I am wondering if there is something that I could use to handle ranged data in python similar to GenomicRanges/IRanges in R ?

A specific example:

My input data is gene coordinates and chromosomes. For each gene I would like to know the end coordinate of the gene just before it to calculate the intergenic distance.

Thanks! -Abhi

python biopython r • 4.9k views

ADD COMMENT • link updated 6.5 years ago by endrebak ▴ 970 • written 12.7 years ago by Abhi ★ 1.6k

4

Entering edit mode

There are several python packages and other alternatives mentioned here: http://biostar.stackexchange.com/questions/2245/what-is-the-quickest-algorithm-for-range-overlap

ADD REPLY • link updated 5.0 years ago by Ram 44k • written 12.7 years ago by Michael 55k

0

Entering edit mode

I remember that package was called 'pygr', but I haven't used it myself.

ADD REPLY • link 12.7 years ago by Michael 55k

0

Entering edit mode

I think it would be better if you paste a little portion of your input file on your question.

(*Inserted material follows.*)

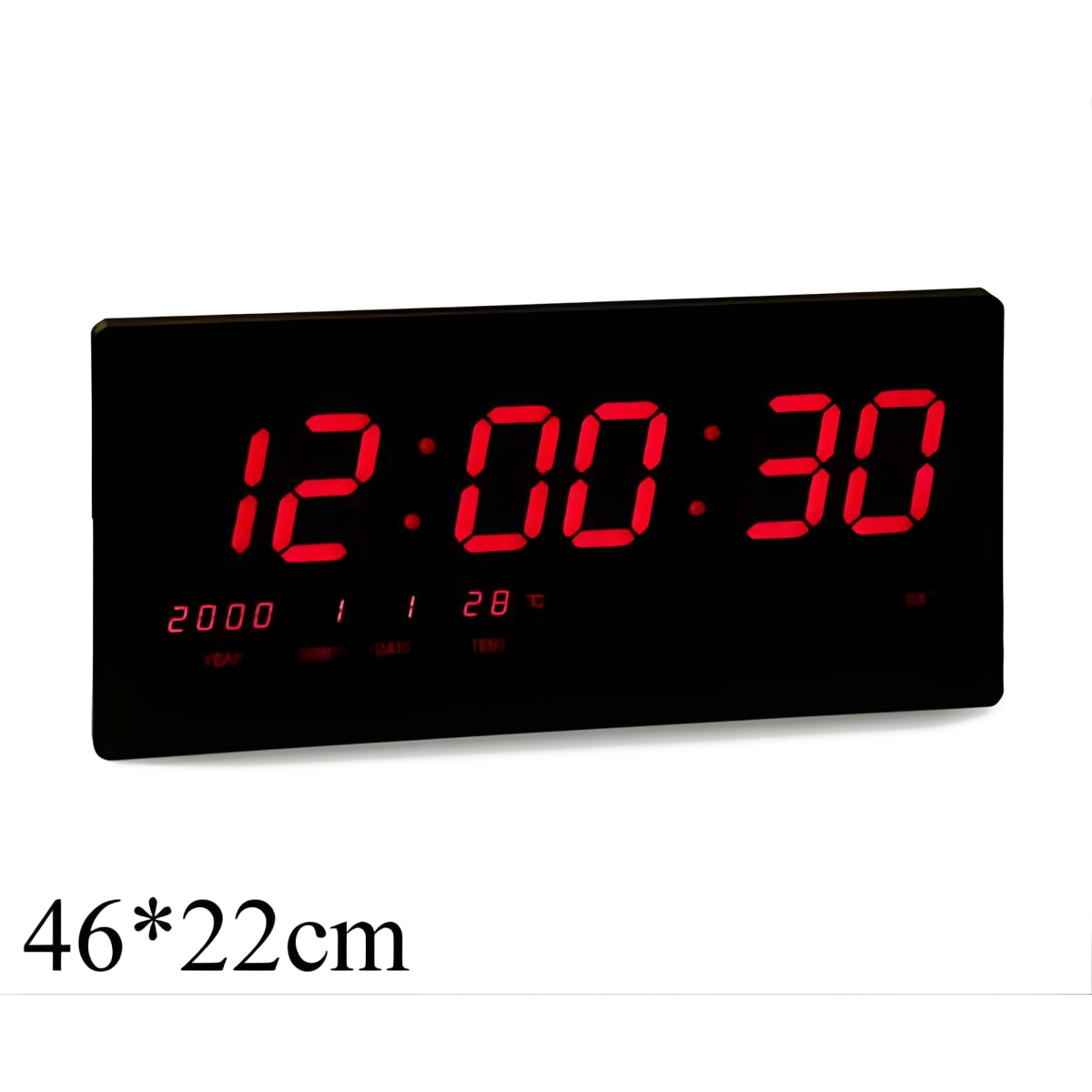 שעון קיר דיגיטלי אדום עם תצוגת LED

ADD REPLY • link 12.7 years ago by Geparada ★ 1.5k

0

Entering edit mode

Hi Abhi. Can you post your input file?

ADD REPLY • link 12.7 years ago by Tommy Carstensen ▴ 40

score 4 · Answer 1 · 2012-04-01

Michael Dondrup's comment is probably the best solution if you want to do anything complex with ranges, but for the problem stated (intergenic distance calculation), you really only need a few lines of python code:

# I don't know what your data looks like, so I'll start with a list of
#  name,chromosome,start_pos,end_pos tuples
gene_positions = [('geneA', 'chr1', 100,200), ('geneB', 'chr1', 300,400), 
                  ('geneC', 'chr1', 401, 450), ('geneD', 'chr2', 100,200)]
# sorting genes by the chromosome and start_position fields so they're in order
gene_positions.sort(key = lambda x: (x[1],x[2]))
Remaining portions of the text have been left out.